BEGIN

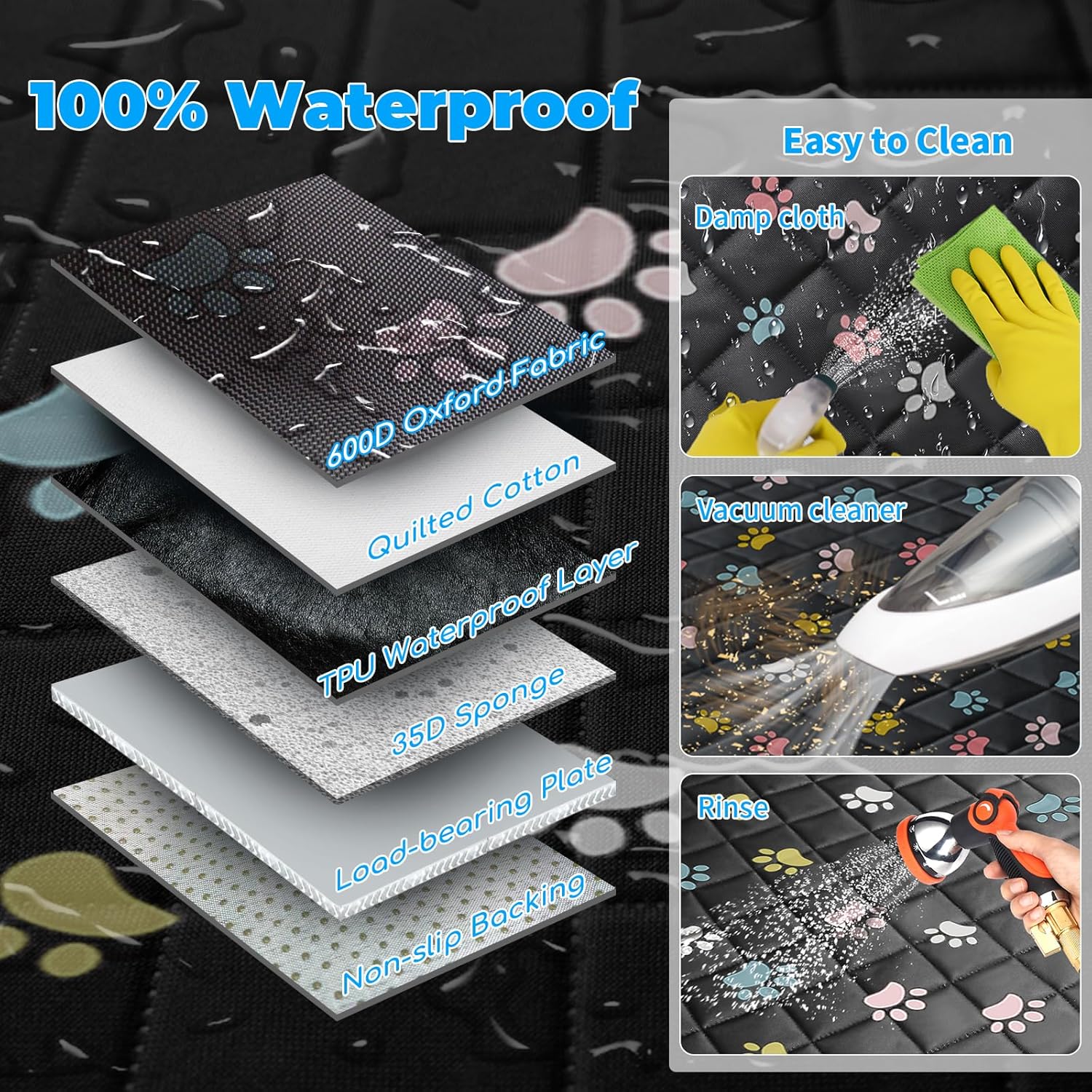 About this item Back Seat Turns into Dog Car Bed: Built-in 3 reinforced load-bearing plates, the hard bottom dog car seat cover turns the backseat into a secure dog car bed. The dog back seat extender increases 40% safe space and supports up to 400lbs, sturdy enough for 2 large breed dogs to stretch or lay comfortably during long car rides. Ideal for families with large dogs, elderly dogs, or multiple dogs Ultimate Comfort: Equipped with 8-layer protection including a layer of 35D sponge, this hard bottom dog seat cover delivers excellent comfort for pets during long rides. Compared to the competitor's single-layer thin board design, our padded hard bottom greatly reduces your dogs' joint pressure, while the non-woven fabric layer ensures durability and effortless removal for deep cleaning of the dog car seat cover Prevent Falls & Easy Care: The dog car hammock with zippered side flaps can keep dogs from falling to the floor, and protect your backseat and car doors from scratches, mud, liquid and hair. The waterproof 600D Oxford material is easy to clean with a damp cloth or vacuum No Smell Material: The dog car seat cover for back seat without terrible smell is friendly for pets and children. In an enclosed car space, smell-free design is also important to keep you focused and driving safely, but competitors ignore this. The thickened PP hollow board plate is more durable than others' wood base Safety First: You can secure your dog with the included dog seat belt. For the safety and comfort of dogs, the dog car travel bed has upgraded all accessories, including 6-layer thickened hard bottom, heavy duty headrest strap and buckle, and durable zipper. 2 Velcro seatbelt openings, seat anchors, and non-slip backing keep your dogs from slipping With Mesh Window & Pockets: The car back seat protector has a mesh window that allows your pets to see you, relieving their anxiety on the road. You can store pets' toys, treats, and other essentials in the 2 storage pockets Universal Fit & Ready to Use: 52" L x 24.8" W (hard bottom size) fits sedans, mid-size SUVs and mid-size trucks. URPOWER back seat pet cover arrives fully assembled for immediate use, unlike other brands that require a lot of time to assemble. This car seat cover for dogs can be installed within 1 minute › See more product details
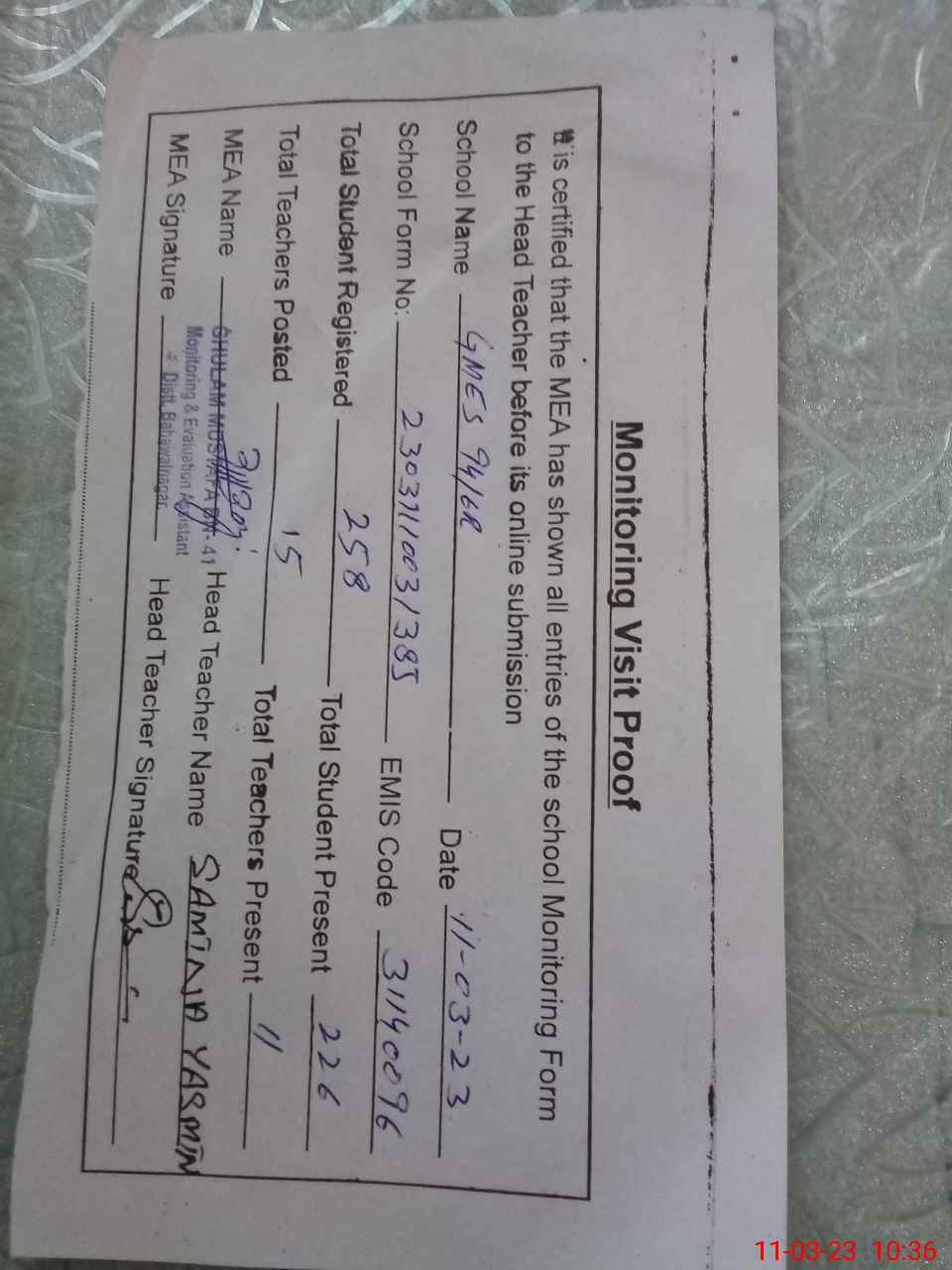 | Attendance Register | Head Teacher | MEA with School | Visit Proof |
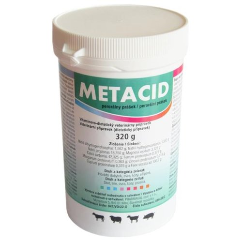 Kombinovaný přípravek určený k úpravě kyselého prostředí bachoru souvisejícího s metabolickou acidózou a obnově porušené bachorové a střevní mikroflóry. Světlehnědý prášek. Užití: Dysfunkce předžaludků (přeplnění a hyperacidita bachoru). Doplněk krmiva při nadměrném přívodu lehce stravitelných glycidů (cukrové řepy, obilních šrotů, kukuřice, melasy, brambor apod.) a při rychlém přechodu na tato krmiva. Alimentární intoxikace. Po léčbě antibiotiky, sulfonamidy, desinficiencemi. Po terapii antiparazitiky. Při poruchách metabolismu vápníku a nedostatku některých minerálních látek a stopových prvků. Prevence silných průjmů. Cílový druh: Hovězí dobytek, telata, ovce, kozy, prasata. Složení: Natrii dihydrogenphosphas 1,562 g, Natrii hydrogencarbonas 1,562 g, Natrii propionas 18,750 g, Magnesii oxidum 3,125 g, Calcii carbonas 42,325 g, Ferrum proteinatum 0,375 g, Manganum proteinatum 0,363 g, Zincum proteinatum 0,313 g, Cuprum proteinatum 0,375 g a Faex siccata ad 100,0 g.
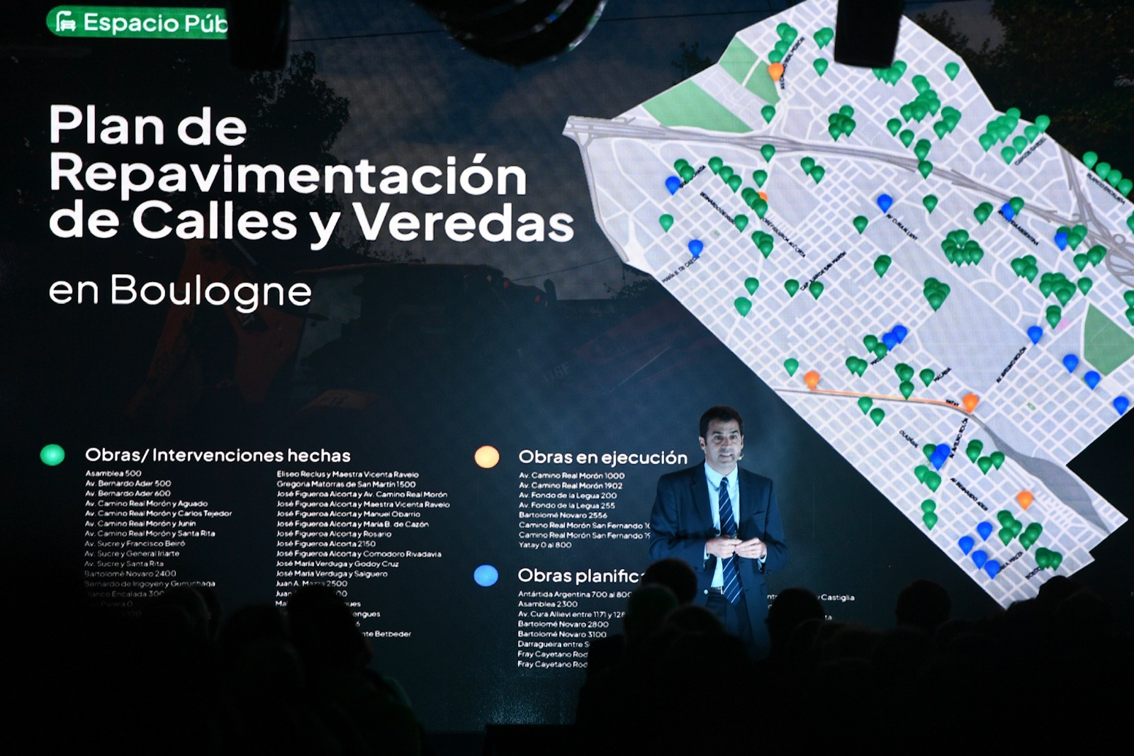 En relación al Espacio Público y Urbanismo, Lanús anunció que comenzó la obra del Parque Público Ipiranga (22 m de ancho, 600 m de largo), con bulevar, bicisenda, áreas verdes, juegos y descanso. El Plan de Reparación de Calles y Veredas avanza en Boulogne con más de 30 intervenciones, 8 en ejecución y 15 planificadas (ej.: Antártida Argentina 700-800, Av. Cura Allievi 1171-1280). Se plantarán 4,200 árboles, se realizarán 6,500 podas, se repararán 500 veredas y se instalarán 3,000 contenedores, optimizando recolección de basura y barrido digitalizado.
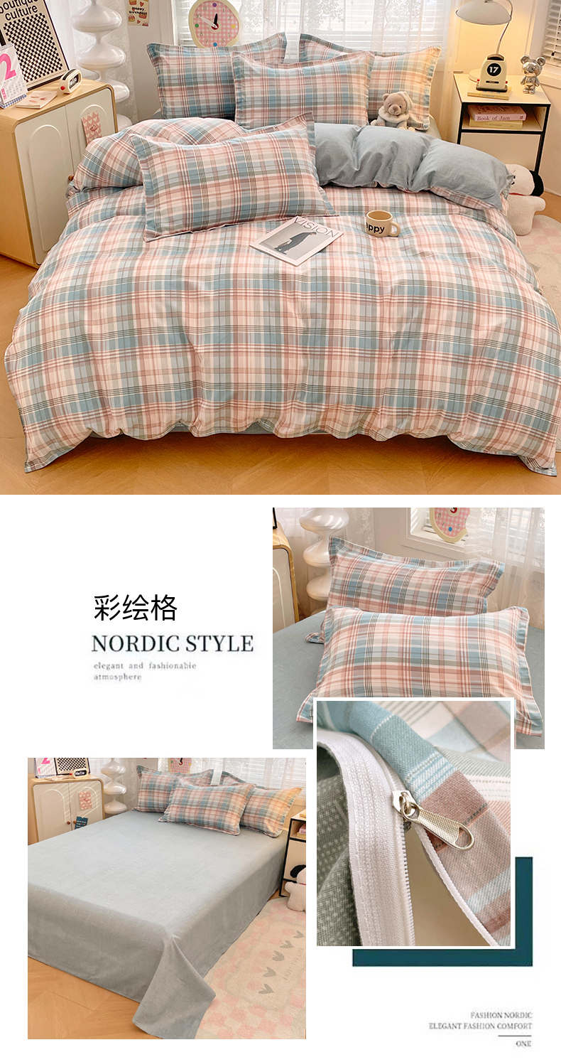 (总)世爵 2026新款10A抗菌亲肤水洗棉双拼四件套,卡其蓝,绿浅灰,墨松灰,暖驼,浅灰,深灰,深灰绿,深蓝灰,天空蓝浅灰,远山绿,远天蓝
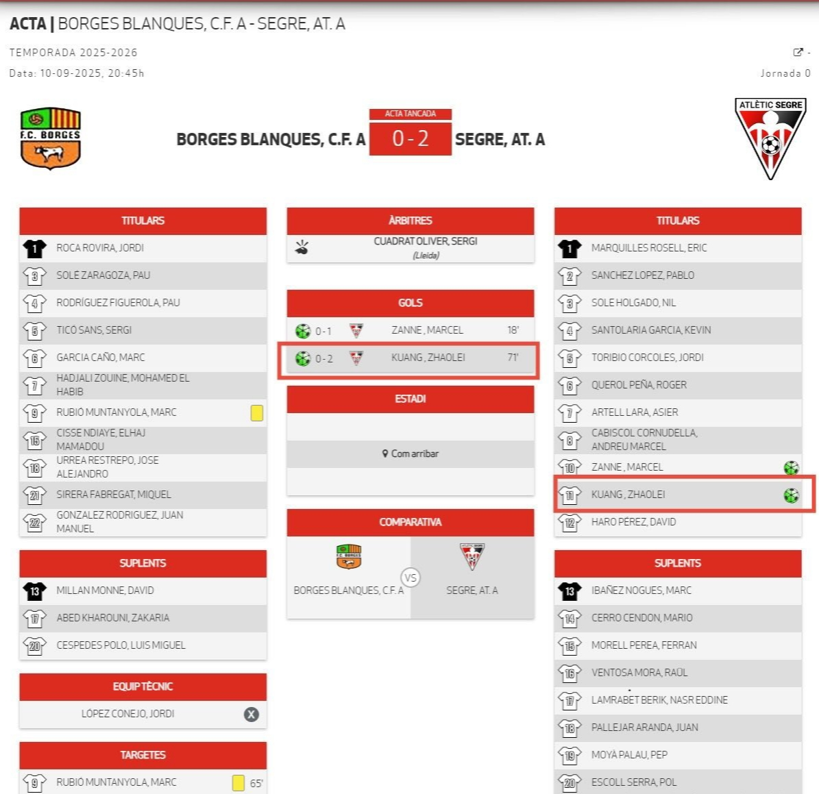 2025年9月14日,据知名博主“莱斯特城的小狐狸”报道,比利亚雷亚尔U16A队6-1大胜莱万特U16队,15岁的中国留洋球员刘凯源首发出场并取得进球;热身赛,塞格雷竞技U19A队2-1莱里达省AGRAMUNT镇队,16岁的中国球员邝兆镭1人独进2球,帮助球队取得了胜利。2名中国留洋球员2场进了3球,这对于中国足球来说是个好的消息,至少让人看到了一些希望。
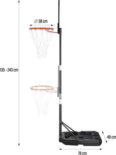 Profitez du basket partout avec le panier portable NILS ZDK001. Il offre une hauteur réglable en continu de 135 à 243 cm, un panneau en polycarbonate résistant aux chocs, un cercle en acier robuste de 38 cm et une base stable avec roulettes pour un déplacement facile. Idéal pour les enfants, les ados et les adultes au jardin, dans l’allée ou à la maison de campagne.

END

PROMPT: The response should be the lines from the one containing "(总)世爵 2026新款10" through the final line of the records, reproduced exactly and with every picture left out.

SOLUTION TO THE PROBLEM:
 (总)世爵 2026新款10A抗菌亲肤水洗棉双拼四件套,卡其蓝,绿浅灰,墨松灰,暖驼,浅灰,深灰,深灰绿,深蓝灰,天空蓝浅灰,远山绿,远天蓝
 2025年9月14日,据知名博主“莱斯特城的小狐狸”报道,比利亚雷亚尔U16A队6-1大胜莱万特U16队,15岁的中国留洋球员刘凯源首发出场并取得进球;热身赛,塞格雷竞技U19A队2-1莱里达省AGRAMUNT镇队,16岁的中国球员邝兆镭1人独进2球,帮助球队取得了胜利。2名中国留洋球员2场进了3球,这对于中国足球来说是个好的消息,至少让人看到了一些希望。
 Profitez du basket partout avec le panier portable NILS ZDK001. Il offre une hauteur réglable en continu de 135 à 243 cm, un panneau en polycarbonate résistant aux chocs, un cercle en acier robuste de 38 cm et une base stable avec roulettes pour un déplacement facile. Idéal pour les enfants, les ados et les adultes au jardin, dans l’allée ou à la maison de campagne.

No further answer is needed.